Слово произвело своё действие, оно обернулось в силу через толпу, но как осторожно должно расходовать эту силу… Из слова брызжет кровь.
На какой-то «бон» сберегательного общества можно выиграть 30000 долларов.
На сколько же несчастных придётся один счастливый такой «бон»?
Из потраченных за время десятилетней революции мириадов миллиардов слов – сколько придётся таких, которые будут действительно сказаны «с силой и со властью»?
С действием, пришедшим из толпы?
Вот почему в толпу должны быть устремлены взоры говорящего.
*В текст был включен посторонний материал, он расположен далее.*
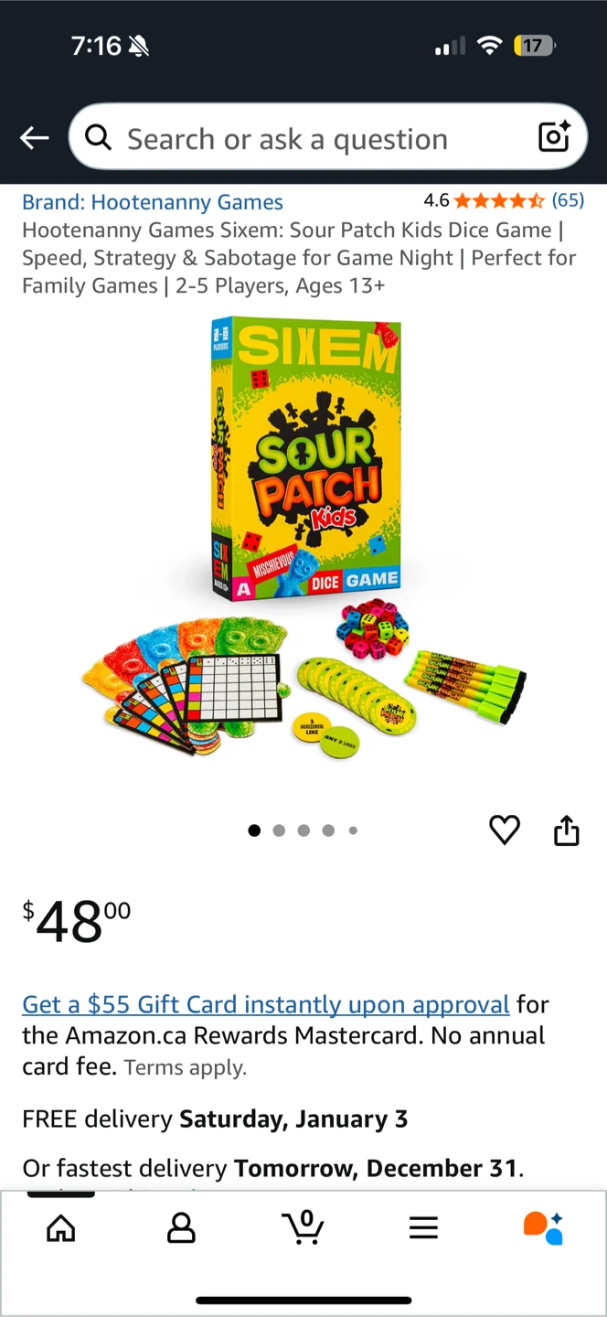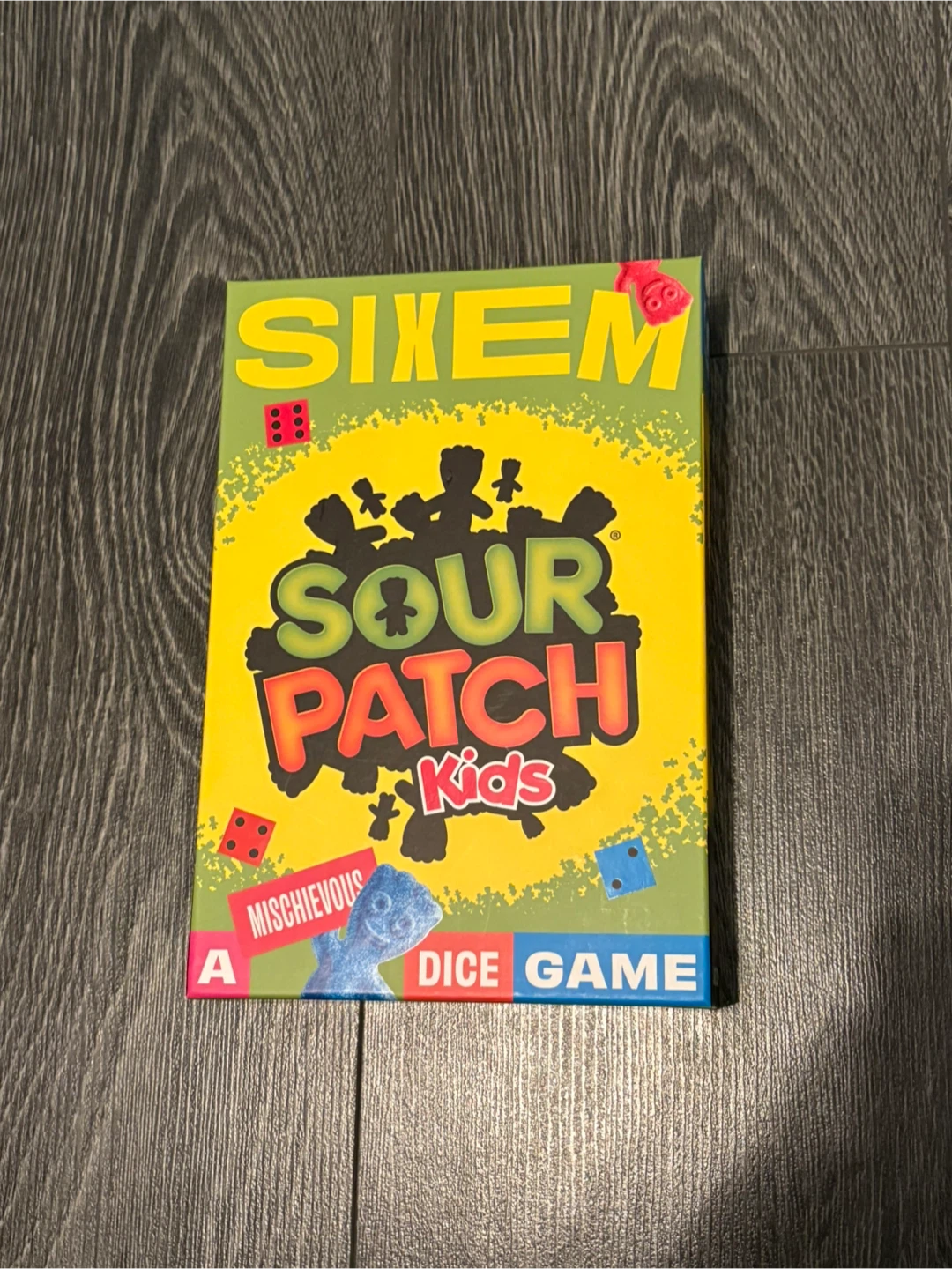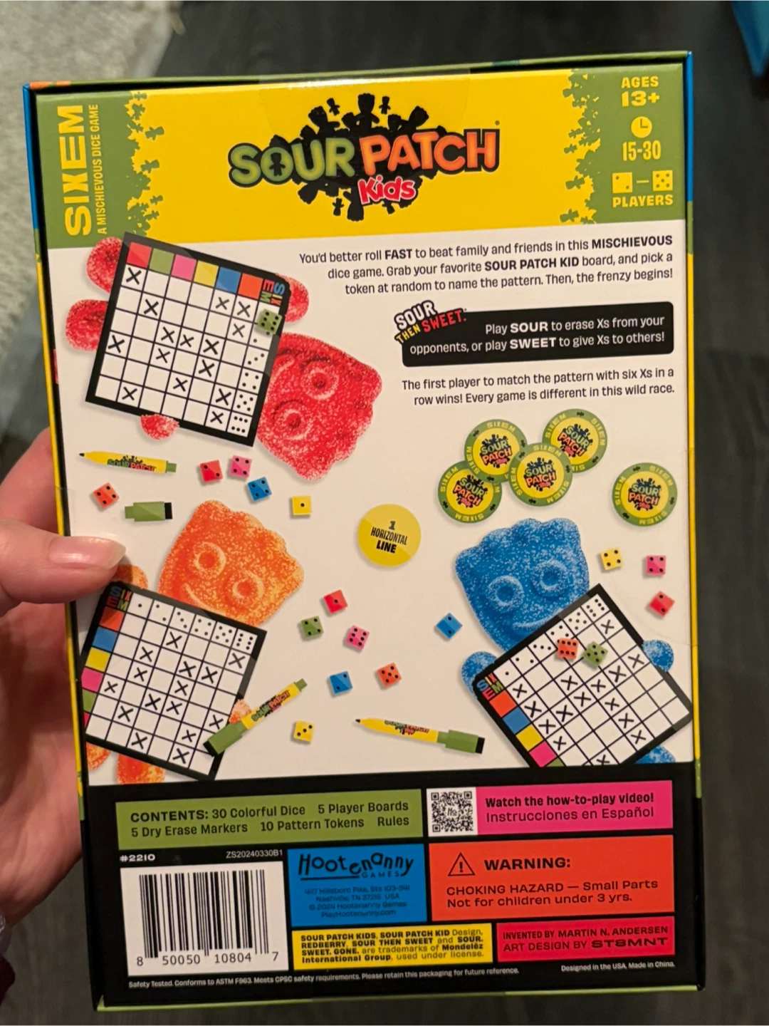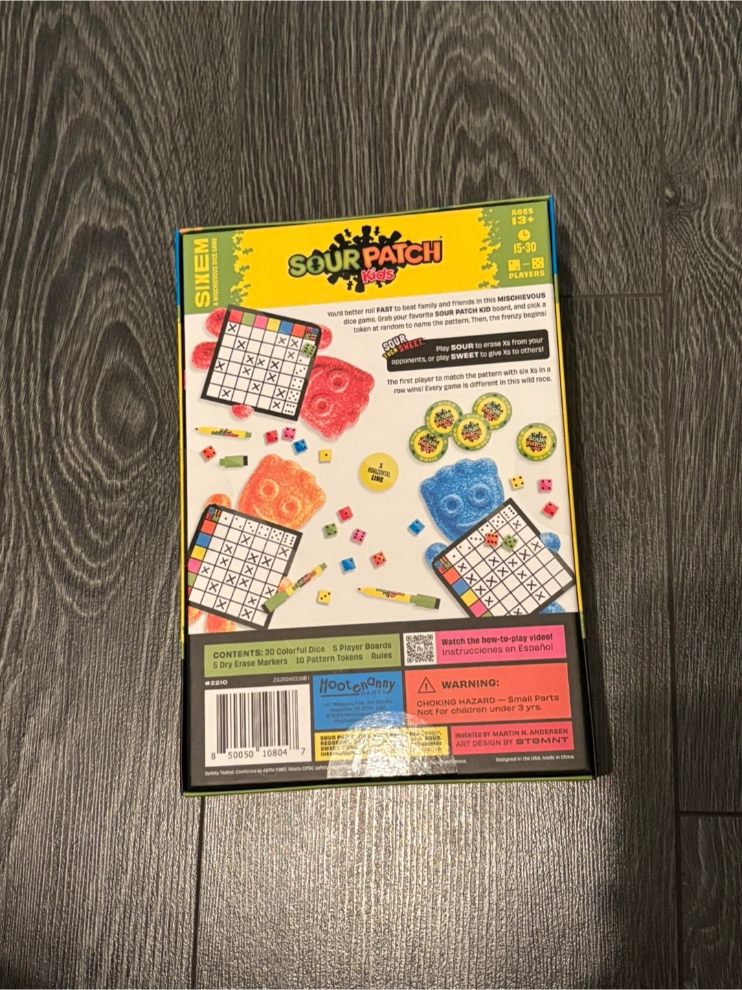 Selling a Hootenanny Games Sixem: Sour Patch Kids Dice Game! Perfect for family game nights. The game is designed for 2-5 players and is suitable for ages 13+. It includes 30 colorful dice, 5 player boards, 5 dry erase markers, and 10 pattern tokens. Get ready for some mischievous fun!

В толпе, в её настроении, в её переживаниях должен он найти направление для своих мыслей, своих слов… И если даже он и хочет по-своему направить эту толпу, то должен сделать это, опираясь на те скрытые в ней самой реальные хотения, которые он сумеет там констатировать…
Горе тому оратору, который слушает самого себя, или свою ненависть, или своё раздражение…
Если его раздражение – раздражение толпы, его страсти ещё живы… Если его скорбь выражается в скорби по потере камергерского мундира – можно быть уверенным, что успеха он никакого иметь не будет…
Это его личное дело… Без публичного значения.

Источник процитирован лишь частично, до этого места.